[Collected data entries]
▬▬▬▬▬▬▬▬▬▬

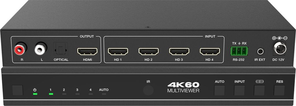 Digis SS-MV41-2 — профессиональный презентационный коммутатор 4x1 с функцией мультивьювера, рассчитанный на одновременную работу с несколькими HDMI-источниками в переговорных, учебных аудиториях, диспетчерских и AV-инсталляциях. Модель поддерживает видео до 4K 60 Гц 4:4:4 с пропускной способностью 18 Гбит/с, поэтому подходит для вывода детализированного контента без потери качества. Бесподрывное переключение делает смену источников более аккуратной и комфортной для зрителя, что особенно важно в презентационных сценариях и при постоянной работе с разными входами.
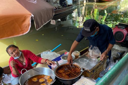 Nachdem wir uns diesen Tempel angesehen hatten, spazierten wir weiter und so in die Richtung “Khao San Road“. Diese ist als “Partystraße“ bekannt und dort kann man das Nachtleben erleben. Aufgrund der Pandemie war dort lange Zeit alles geschlossen. Heute haben die Bars (zumindest ein Teil) wieder geöffnet, jedoch nur bis 23:00 Uhr – wie überall in Thailand endet der Ausschank um diese Uhrzeit.
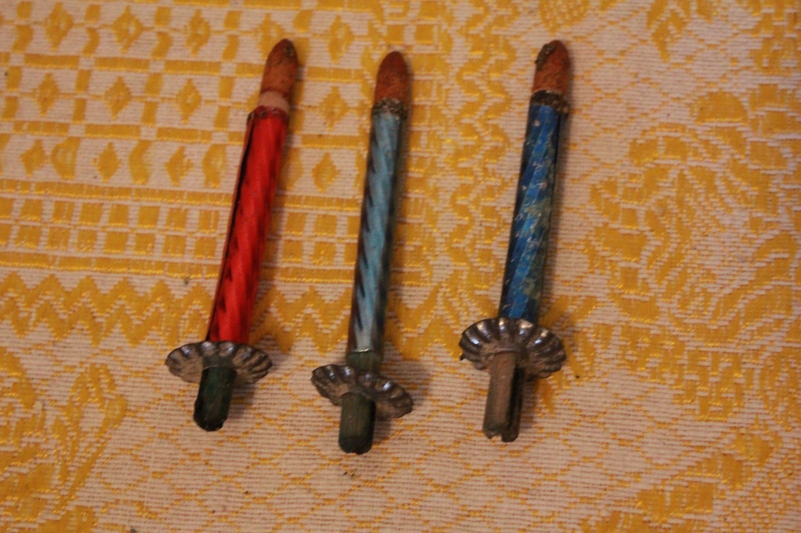 Set of 3 Neat Vintage Christmas Candle Ornaments Wood Foil Mica
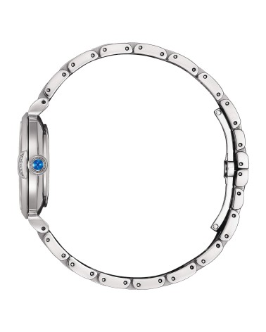Orologio donna eco drive solotempo,cassa e bracciale in acciaio con diamante su cassa ad ore 3. Diamante sul quadrante ad ore 8. Corona decorata da cabochon blu. Quadrante in madreperla azzurra.Vetro zaffiro convesso. WR 5 bar.
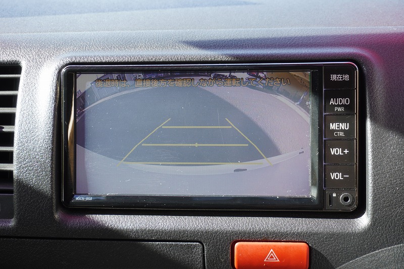 在庫No.K-0150 レジアスエース ロング DX 5ドア ガソリン車 3人乗り トヨタ車体製パワーゲート 荷台板張り 純正ナビ ワンセグTV バックカメラ ETC キーレス ワンオーナー!AT車!
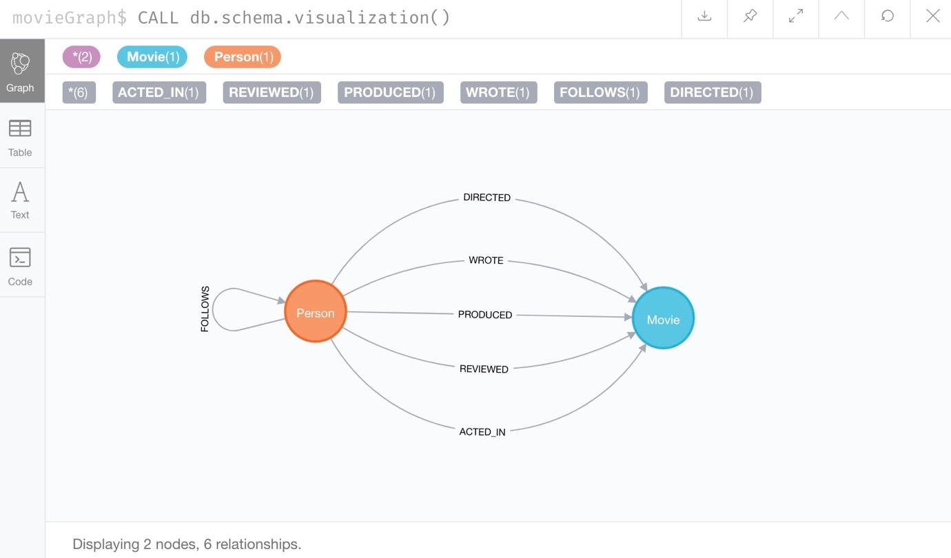 我们还可以再次检查架构过程,以查看数据在数据库(数据模型)中的组织方式。 再次使用命令CALL db.schema.visualization()并执行它,以查看我们具有通过几种不同类型的关系连接的Person节点和Movie节点。
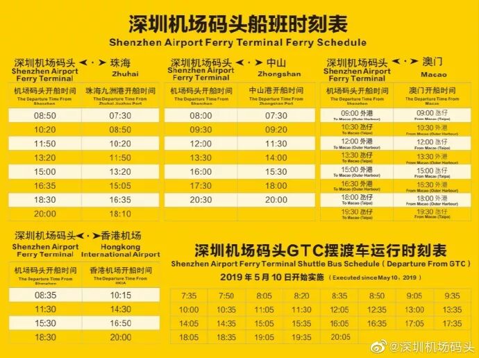 船班变更通知:鉴于天气情况逐渐转好,深圳机场码头以下船班恢复正常运行:
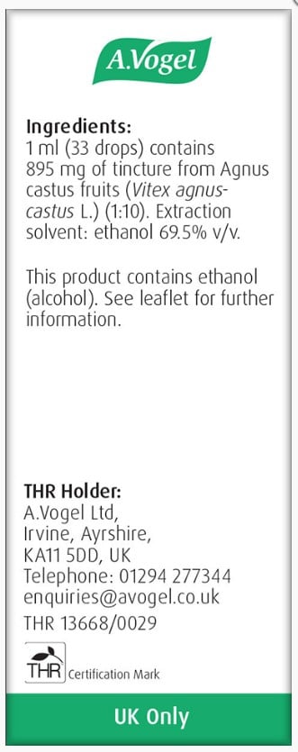 A.Vogel Agnus castus is a licensed herbal remedy which can be used to help relieve symptoms of PMS (premenstrual syndrome) such as menstrual cramps, breast tenderness, bloating, irritability and mood swings.
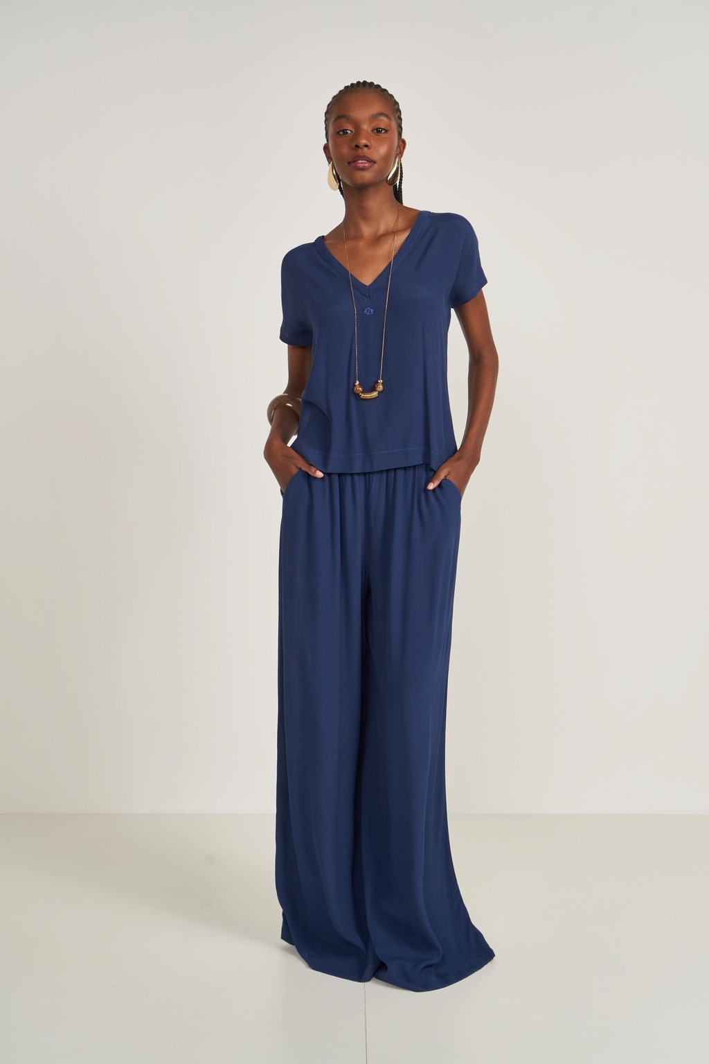 Design: Modelagem pantalona ampla e fluida, cintura alta com cós elástico franzido, bolsos faca laterais, e pernas largas.
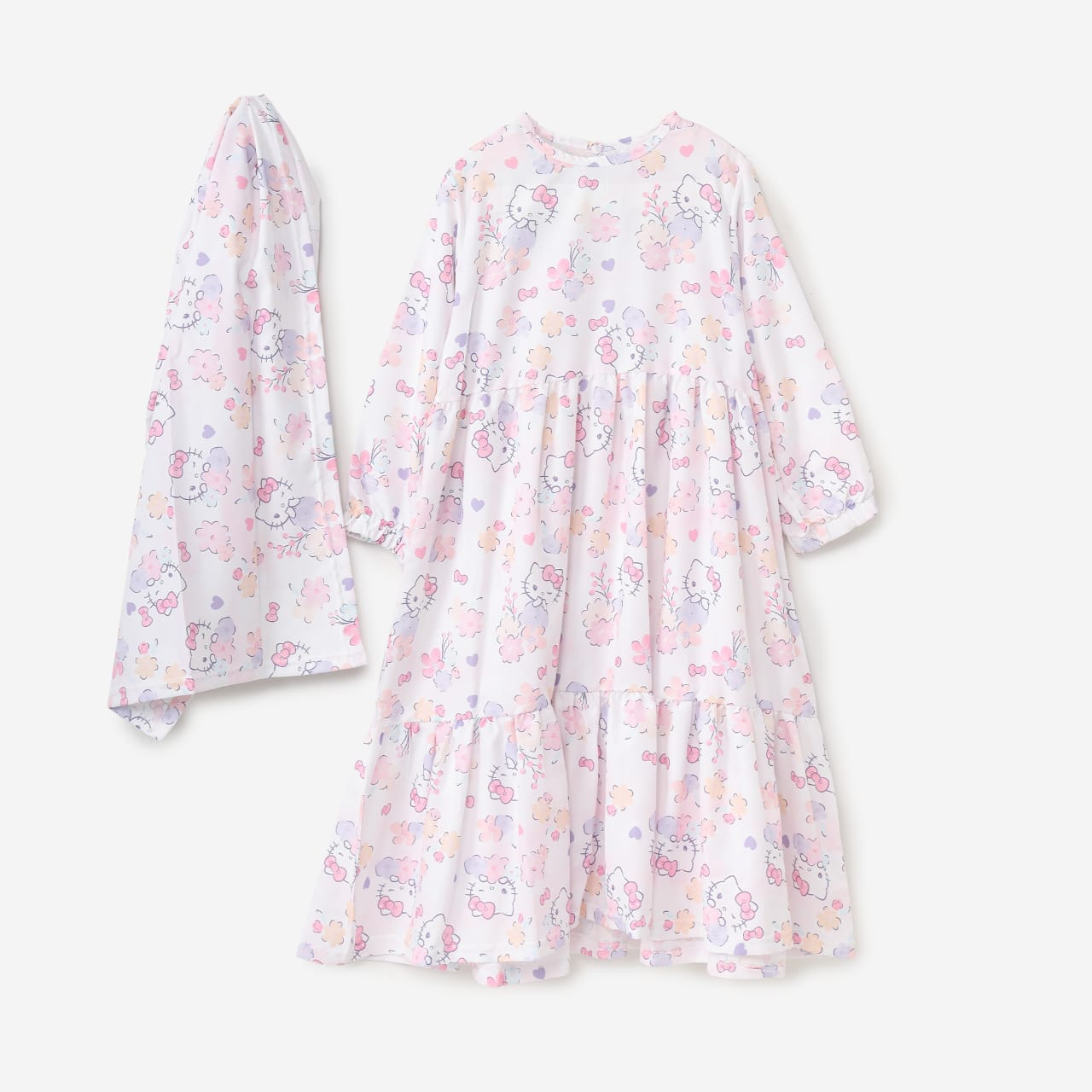 يجمع هذا الفستان الوردي الرقيق بين براءة الطفولة وتصميم عصري مريح، مزين بطبعة كاملة لشخصية هيلو كيتي المحبوبة، ليضفي لمسة من الرقة والبهجة على أي إطلالة. يتميز الفستان بقصة فضفاضة متعددة الطبقات تتيح حرية الحركة والمرح، بالإضافة إلى أكمام طويلة تنتهي بأساور مطاطية ناعمة وفتحة رقبة دائرية بسيطة. ما يجعل هذه القطعة مميزة حقًا هو الحجاب المتناسق (غطاء الرأس) بنفس الطبعة واللون، ليُشكّل طقمًا متكاملًا يجمع بين الحشمة والأناقة بطريقة تُحبها الأطفال. يتميز القماش بنعومته وخفة وزنه، مما يجعله الخيار الأمثل لنزهات الصيف والاحتفالات غير الرسمية، ليمنح طفلتك الصغيرة إطلالة مشرقة تعكس روحها المرحة وشغفها بشخصياتها الكرتونية المفضلة.
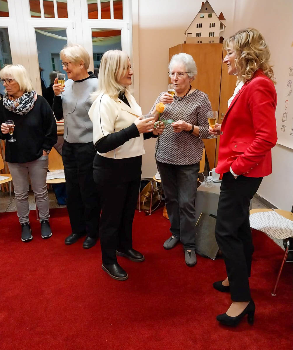 Zum Abschluss erhoben alle das Glas und stießen mit Apfelsecco auf den erfolgreichen Abschluss der Familienpaten-Schulung an.
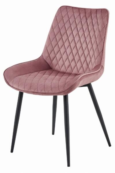 Az elegáns rózsaszín bársony szék VERDO nemcsak luxus megjelenésével, hanem kényelmével is kitűnik. A steppelt kialakítású bársonyhuzat egyedi varázst kölcsönöz a széknek, a fekete fém lábak pedig stabilitást és modern tapintást biztosítanak. Ez a szék ideális választás azok számára, akik stílust és kényelmet szeretnének hozni otthonukba, akár az étkező asztal

▬▬▬▬▬▬▬▬▬▬

> **Work task**:
Leaving every picture aside, reproduce exactly the lines above from the one with "Orologio donna eco" up to and including the one with "Zum Abschluss erhoben", and no others.

> **Output for this exercise**:
Orologio donna eco drive solotempo,cassa e bracciale in acciaio con diamante su cassa ad ore 3. Diamante sul quadrante ad ore 8. Corona decorata da cabochon blu. Quadrante in madreperla azzurra.Vetro zaffiro convesso. WR 5 bar.
 在庫No.K-0150 レジアスエース ロング DX 5ドア ガソリン車 3人乗り トヨタ車体製パワーゲート 荷台板張り 純正ナビ ワンセグTV バックカメラ ETC キーレス ワンオーナー!AT車!
 我们还可以再次检查架构过程,以查看数据在数据库(数据模型)中的组织方式。 再次使用命令CALL db.schema.visualization()并执行它,以查看我们具有通过几种不同类型的关系连接的Person节点和Movie节点。
 船班变更通知:鉴于天气情况逐渐转好,深圳机场码头以下船班恢复正常运行:
 A.Vogel Agnus castus is a licensed herbal remedy which can be used to help relieve symptoms of PMS (premenstrual syndrome) such as menstrual cramps, breast tenderness, bloating, irritability and mood swings.
 Design: Modelagem pantalona ampla e fluida, cintura alta com cós elástico franzido, bolsos faca laterais, e pernas largas.
 يجمع هذا الفستان الوردي الرقيق بين براءة الطفولة وتصميم عصري مريح، مزين بطبعة كاملة لشخصية هيلو كيتي المحبوبة، ليضفي لمسة من الرقة والبهجة على أي إطلالة. يتميز الفستان بقصة فضفاضة متعددة الطبقات تتيح حرية الحركة والمرح، بالإضافة إلى أكمام طويلة تنتهي بأساور مطاطية ناعمة وفتحة رقبة دائرية بسيطة. ما يجعل هذه القطعة مميزة حقًا هو الحجاب المتناسق (غطاء الرأس) بنفس الطبعة واللون، ليُشكّل طقمًا متكاملًا يجمع بين الحشمة والأناقة بطريقة تُحبها الأطفال. يتميز القماش بنعومته وخفة وزنه، مما يجعله الخيار الأمثل لنزهات الصيف والاحتفالات غير الرسمية، ليمنح طفلتك الصغيرة إطلالة مشرقة تعكس روحها المرحة وشغفها بشخصياتها الكرتونية المفضلة.
 Zum Abschluss erhoben alle das Glas und stießen mit Apfelsecco auf den erfolgreichen Abschluss der Familienpaten-Schulung an.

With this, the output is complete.